Slavish devotion to the common rule of thumb that variable names should be verbosely descriptive produces an effective reduction in quick and easy reading and comprehension of code here, rather than an improvement. One of the most important factors in play is the fact that the beginning of the loop provides a directly corresponding connection between the loop variable’s name and the source of its contents on each iteration. Another is its use as a key or index for a collection, where the syntactic significance of the variable in use is made clear by context.

That rule of thumb is certainly not without its merit in most cases, though. It is a rule of thumb because it works most of the time. For instance, given a variable whose scope is global to the current program file, a single-letter name provides little or no guidance within the context of its use in various parts of the program to its meaning for the algorithmic model as defined by the source code. More descriptive names are necessary for such circumstances because of the relative lack of cues in close proximity to the variable’s points of use — a direct result of the distance within the source file from the source of the variable’s value.
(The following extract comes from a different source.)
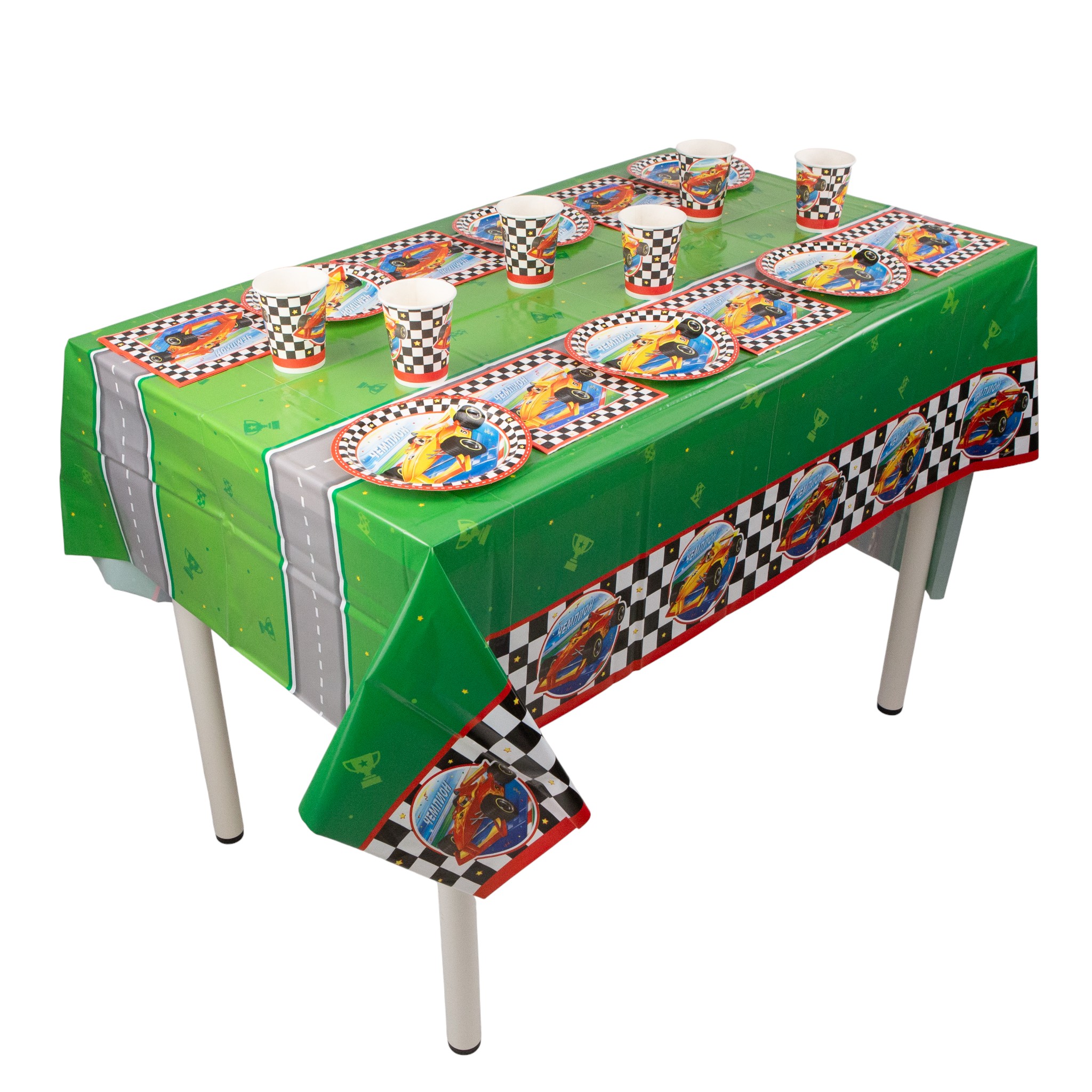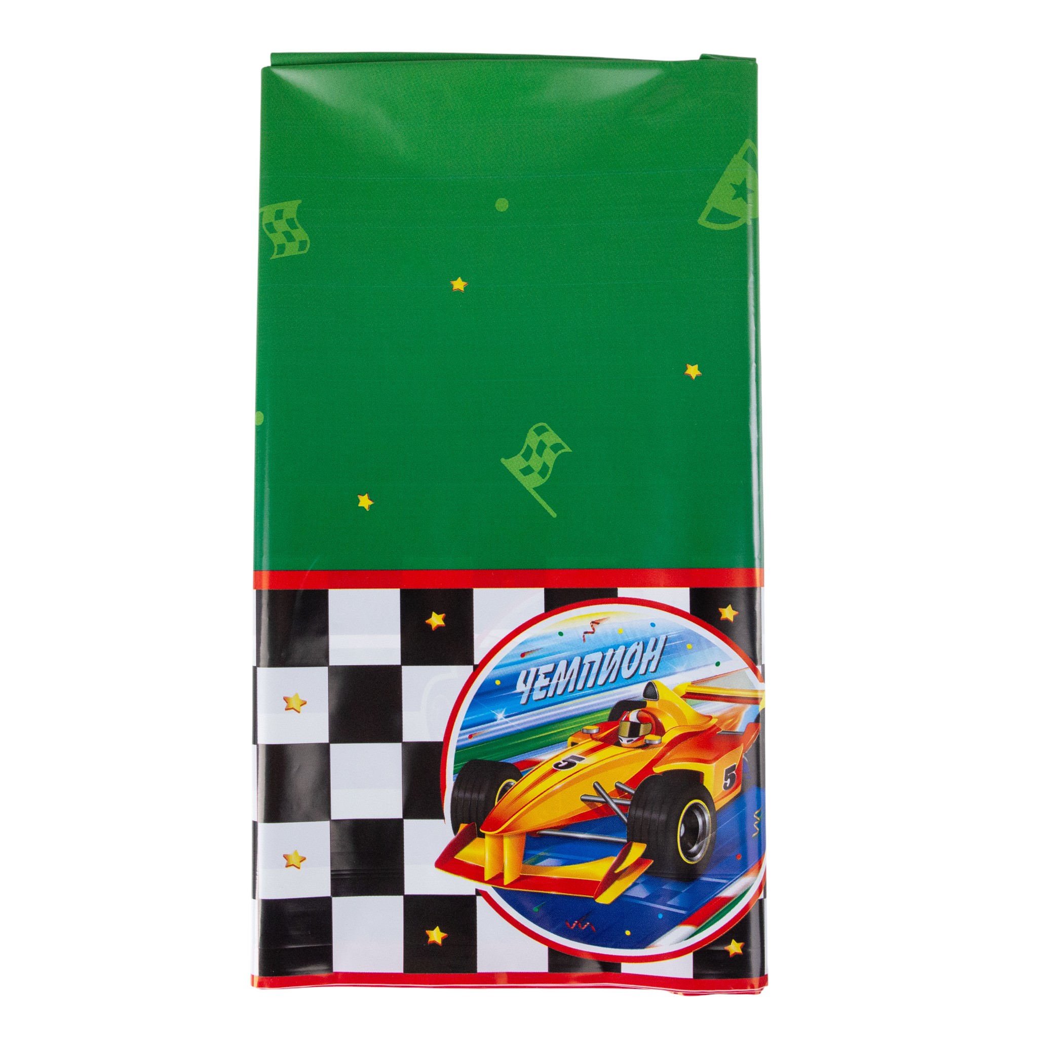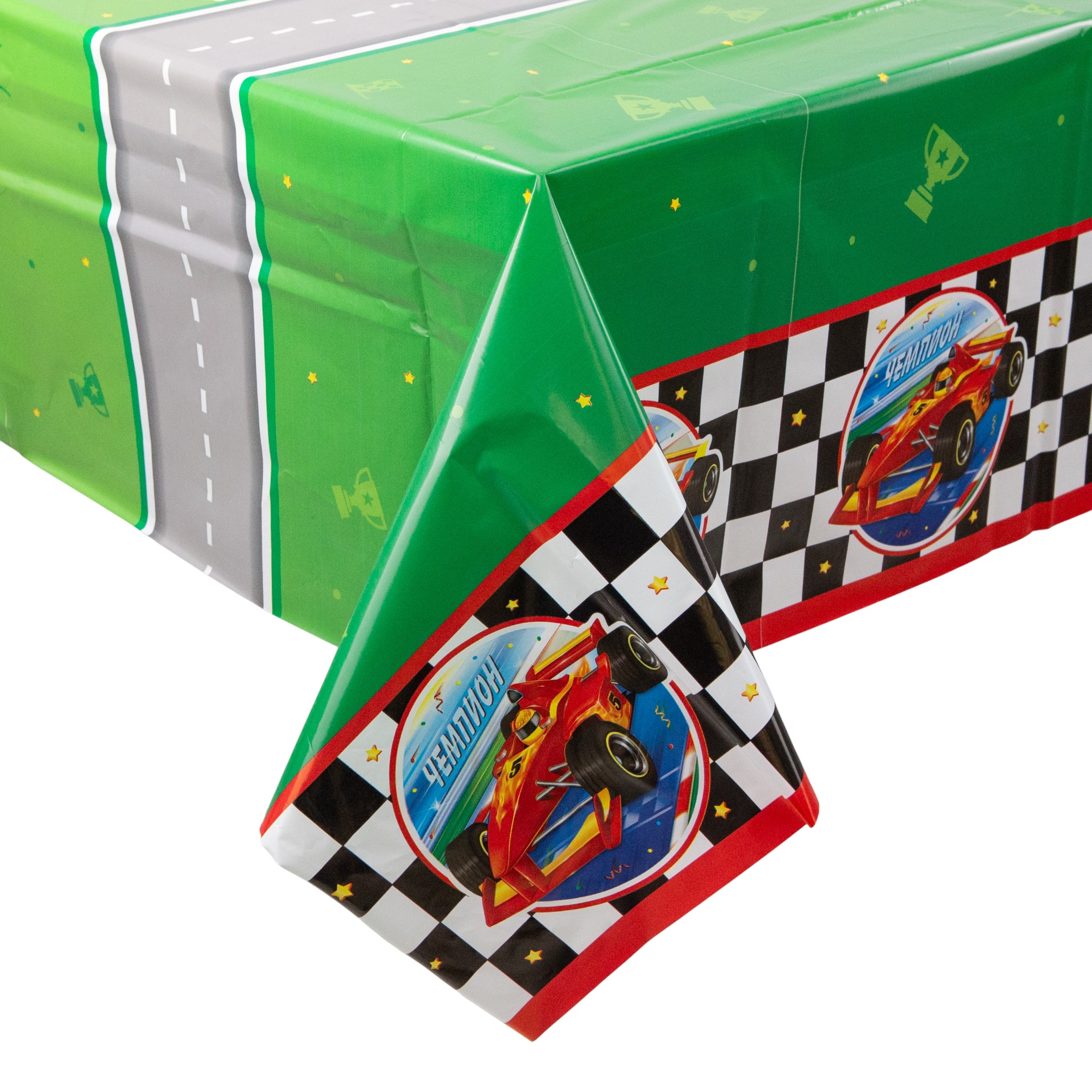 Праздничная скатерть «Тачки Чемпион» дополнит оформление и добавит праздничных акцентов вечеринке.

This is why one might create a hash like the following near the beginning of a program to capture command line arguments whose values must be used later in the program:

command = {

:name => ARGV.shift,

:target => ARGV.shift,

:attribute => ARGV.shift


This way, the programmer can see sources and names of command line arguments all in one place at the beginning when maintaining that particular part of the program, and code comments can be added to clarify why things are organized that way. This provides a sort of configuration rule set for the rest of the program, defining the relationship between program inputs and the datums derived therefrom as they are used later.

At the same time, the programmer reading through other parts of the program has an immediate cue as to the meaning of a given datum that originated as a command line argument when it is used within other code because of the descriptive hash-and-key names:

inventory_table = InventoryTracker.new(datafile)

if command[:name].downcase.eql? 'delete'





By contrast, the following could be disastrous for quick and easy comprehension of what our code is doing:

i = InventoryTracker.new(f)

if c[:n].downcase.eql? 'delete'

i[ c[:t] ].delete_entry c[:a]


In this case, compressing things into fewer lines of code provides greater brevity only at the cost of any contextual cues about the meaning and purpose of the variables, resulting in what looks more like line noise than actually useful notation. On top of that, we must take into account the difficulty of finding the appropriate variable when doing a text search for something like f or — worse yet, because variable assignment may not actually contain this specific group of characters — c[:t]. Instead, assignment may look more like this:

c = {

:n => ARGV.shift,

:t => ARGV.shift,

:a => ARGV.shift


Another bad approach would be to simply use ARGV indices:

if ARGV[0].downcase.eql? 'delete'

i[ ARGV[1] ].delete_entry ARGV[2]


Now, we have to remember the order in which we have specified users should enter their command line arguments every time we have to make use of one of those arguments in our code. By taking the first approach described here for managing command line arguments, creating a command hash at the beginning of the file with descriptive names, we keep all our non-descriptive variable names together within the context of early organization of the way we handle data in the program, and use more descriptive terms in later code to give the code a self-documenting quality.

The term “cargo cult programming” was coined to describe cases where people employ what they believe to be “best practices” and to copy code in full or at least in form, without understanding the reasons for the practices or how the code they copy works. Taking an approach like this results in abuse of descriptive verbosity in variable naming, turning a practice intended to clarify code into yet another way to obscure its meaning from the programmer who has to read it later.

Ultimately, the correct answer to questions like “How should I name my variables?” is “It depends.” When using a rule of thumb, think critically about it to determine whether you are using the rule correctly.